11.2 Decisions resolved during design

#	Decision	Resolution
1	Routing primitive	Orchestrator’s LLM operating on Agent Definition `description` fields. No separate classifier, router service, or deterministic dispatch table. Routing is measured via eval; description quality is the lever.
2	Discovery timing	Factory-time only. No runtime registry probe, no MCP-style enumeration, no DB lookup per turn. Feature-flag gating resolved at factory invocation.
3	Composition seam	Orchestrator-mediated composition is unconditional. Single-intent and fan-out both pass through orchestrator composition, regardless of intent count. Inherited from PC1 §5.3 commitment.
4	Sync vs streaming at CCS seam	CCS calls are synchronous per sub-agent tool. Streaming to the user is PC3’s protocol applied over orchestrator’s composed final response, not over CCS calls. Aligned with PS6 out-of-scope statement.
5	Principal verification location	At the sub-agent tool wrapper, post-CCS-call. Closest to the failure surface; prevents tainted data from entering sub-agent LLM context; composes uniformly across all sub-agents wrapping CCS.
6	Partial-failure signal	`envelope.status` is the single decision boundary. Sub-agents do not re-inspect `envelope.partial[]` for criticality. PS6 already encodes criticality in `status`.
7	Failure surfacing to user	Natural-language acknowledgment for all failure axes (FR-14). Raw exceptions / error codes / structured error payloads never reach the user. Client-side telemetry on errors is PC3’s seam (scope refined in OQ-5; PC-3 §5.10 specifies wire semantics, telemetry shape pending).
8	Fan-out concurrency model	`asyncio.gather`-based concurrent dispatch with a small-N cap, top-N-by-relevance selection if exceeded. Cap value operational, not architectural.
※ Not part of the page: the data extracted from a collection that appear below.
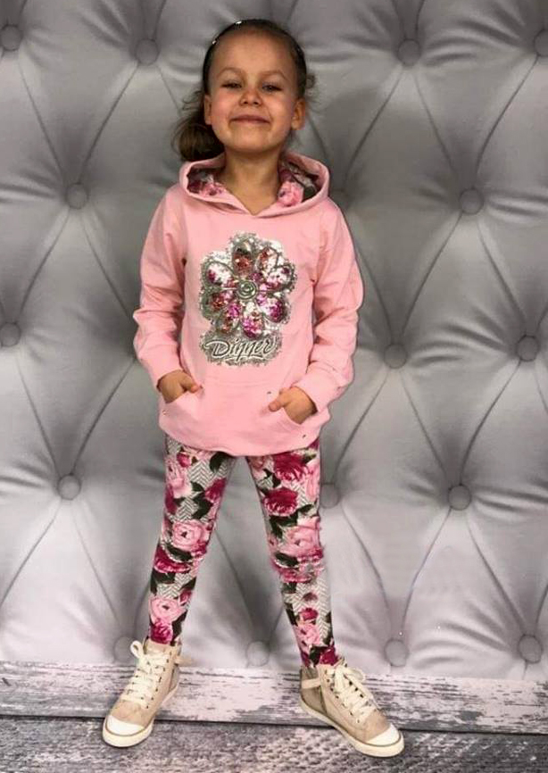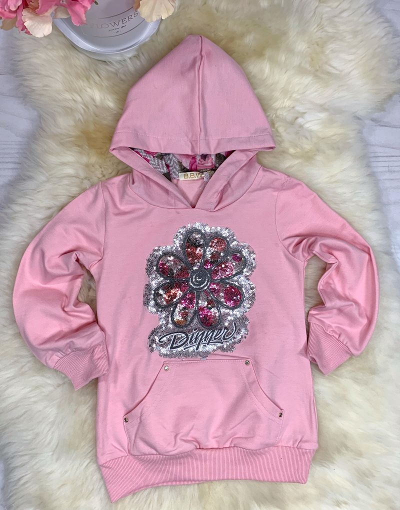 - ozdobiona cekinami w postaci naszycia kwiatka
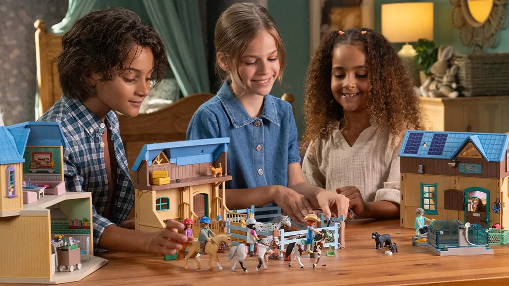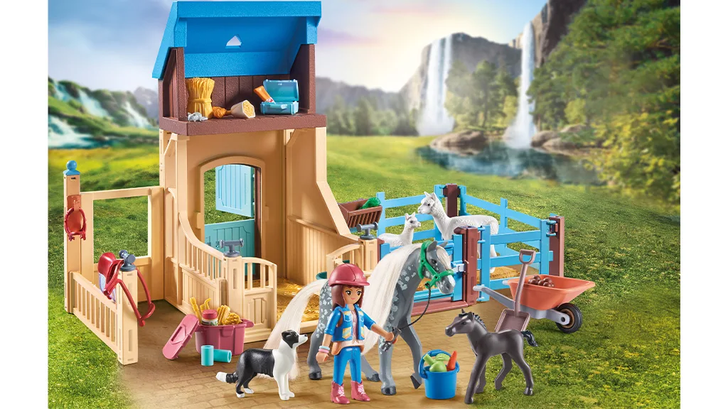 Sari în șa și pregătește-te pentru o călătorie imaginară cu setul magic Playmobil Ferma Ecvestră de la Cascadă. Copiii se pot alătura Isabellei, Zoé, Ben, Ameliei, Ellie și puiilor lor de cai și ponei în aventuri nesfârșite de joc de rol. De la imensul set de 264 de piese Ferma Ecvestră de la Cascadă, la Terapia Ecvestră și până la Kitul de Practică Veterinară, copiii pot explora toate emoțiile vieții la fermă.
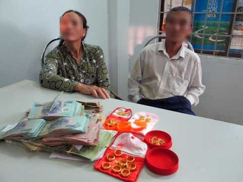 Vợ chồng bà Ưa và số tài sản bị khai báo là bị trộm tại cơ quan Công an.
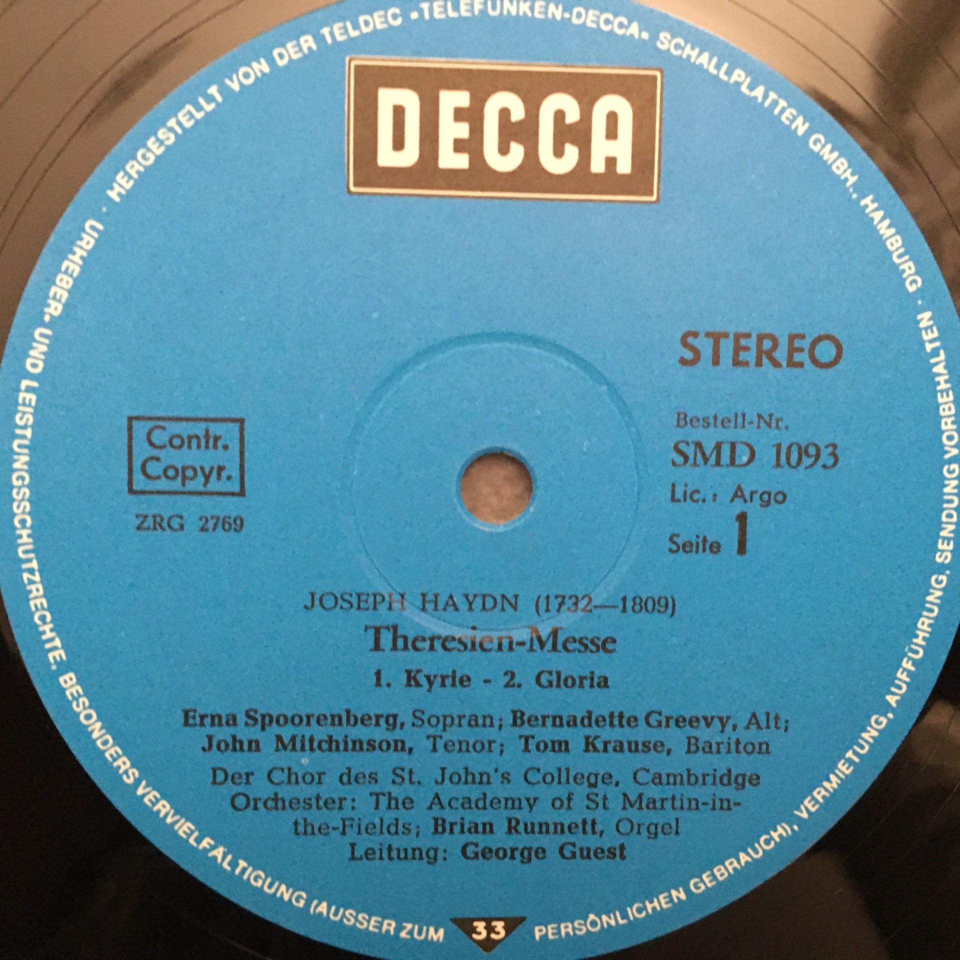 K705 Haydn Theresienmesse Spoorenberg Krause Guest DECCA SMD 1093 Stereo

11.3 Migration receipts from PC1

PC2 absorbs the following from PC1:

PC1 §5.4 Mixed-intent fan-out → PC2 §5.4 (this spec)

The cleanup sequence applies the topic-ownership discipline: each downstream spec absorbs its receiving content natively, then a follow-up commit on the source spec strips the migrated content and replaces with a one-line reference. This keeps each spec’s surface area scoped to its own ownership boundary.